Lana, I have to fight with myself every time I come to your place! Your crew is just SO gorgeous! I will have an empty aviary soon & I am not sure whether to go EWD or Gliders! It would make an awesome outdoor area for lizards but then I see your cutie gliders &.....oh I'm so confused!! 
And don't get me started on your Mertins etc!!!!!!!!!!


----------



## trogdor1988 (Jul 7, 2008)

yeah im annoyed we cant have them in qld, i have emailed the epa asking about why we cant have them in qld as they live in qld anyway but they wont email me back with an answer. its so sad cause there such beautiful animals. great pics of the little cuties to btw. 

steve


----------



## thals (Jul 8, 2008)

agghh the cuteness in killing me 

Beautiful little creatures you got there Lana, thanks for sharing the pics with us! It's great learning more about them too, very interesting lil guys to keep I'd imagine


----------



## Hickson (Jul 8, 2008)

You might also want to try them on a thawed pinky mouse occassionally.
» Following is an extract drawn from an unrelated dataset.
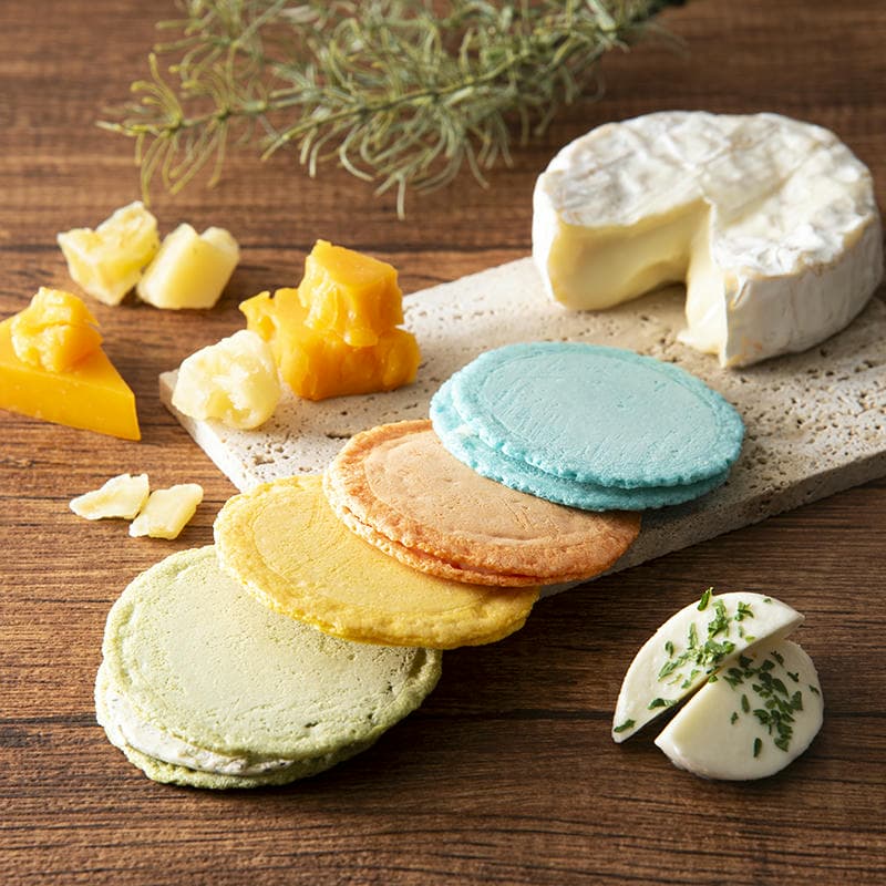 軽くて口溶けが良い薄焼きのえびせんべいに、4種の本格チーズソースをサンドした新感覚スナックです。4種類のチーズそれぞれに合う素材を組み合わせたこだわりのチーズソースは、お酒のお供にもおすすめ。

If they've never seen them before, they might ignore them.

Then again......................



Hix


----------



## missllama (Jul 8, 2008)

Hix said:


> You might also want to try them on a thawed pinky mouse occassionally.
> 
> If they've never seen them before, they might ignore them.
> 
> ...




i didnt realise there was new posts sorry everyone for the late reply

hix i dont no how true this is but i was told not to feed pinkies because they look to much alike to there babies when young so it can increase the chance of them eating there babies and also the fresh meat?
not sure but thats the only reason why i have never fed mine pinkies


----------



## gregcranston (Aug 8, 2008)

missllamathuen said:


> hix i dont no how true this is but i was told not to feed pinkies because they look to much alike to there babies when young so it can increase the chance of them eating there babies and also the fresh meat?
> not sure but thats the only reason why i have never fed mine pinkies


Strangely enough that is why I never feed mine pinkies too, but deep down I know it is a bit silly, as these are scent based creatures and they would never get confused between a pinkie mouse and their own babies.


----------



## Tim.Arm (Aug 8, 2008)

*There soooooo awsome and cute.....lol. Congratz mate.*


----------



## Emzie (Aug 8, 2008)

bah im so jealous 

i keep asking my bf if we can move to SA or WA so i can get some but he's not that keen on the idea


----------



## missllama (Aug 8, 2008)

wow i didnt realise this thread was up and going again lol
i will take some more pics tonight of them now that they have settled

my squirrels were breeding last nite 

and thanks everyone for the kind comments


----------



## jaih (Aug 8, 2008)

Awsome.


----------



## gregcranston (Aug 21, 2008)

missllamathuen said:


> wow i didnt realise this thread was up and going again lol
> i will take some more pics tonight of them now that they have settled
> 
> my squirrels were breeding last nite
> ...


Well come on, where are those new pics? lol


----------



## missllama (Aug 21, 2008)

gregcranston said:


> Well come on, where are those new pics? lol


sorry i am hopeless with remembering things give me a min and ill chuck em on here lol


----------



## Mrs I (Aug 21, 2008)

I really want a baby sugar glider, they are so cute!


----------



## missllama (Aug 21, 2008)

Mrs I said:


> I really want a baby sugar glider, they are so cute!



yea there so gorgeous my squirrel gliders have been breeding a few times the past wk i might get some babies this season 
ill show u some photos of michaels baby ones from a few yrs ago tonight i cant get the pics till he is home tho
the pics of my new ones are just loading on my other comp now


----------



## Mrs I (Aug 21, 2008)

Yeah i saw one at the last Herp meeting and fell in love.....

So cute....


----------



## Rocky (Aug 21, 2008)

Holy crap! I didn't know you could keep them as pets! I want in!


----------



## gregcranston (Aug 25, 2008)

missllamathuen said:


> yea there so gorgeous my squirrel gliders have been breeding a few times the past wk i might get some babies this season
> ill show u some photos of michaels baby ones from a few yrs ago tonight i cant get the pics till he is home tho
> the pics of my new ones are just loading on my other comp now


 
Did you forget to put them on here again?


----------



## Emzie (Aug 25, 2008)

Rocky said:


> Holy crap! I didn't know you could keep them as pets! I want in!


 
you cant in NSW


----------



## Rocky (Aug 25, 2008)

Emzie said:


> you cant in NSW



Oh of course, that has to be the case!  stupid NSW.


----------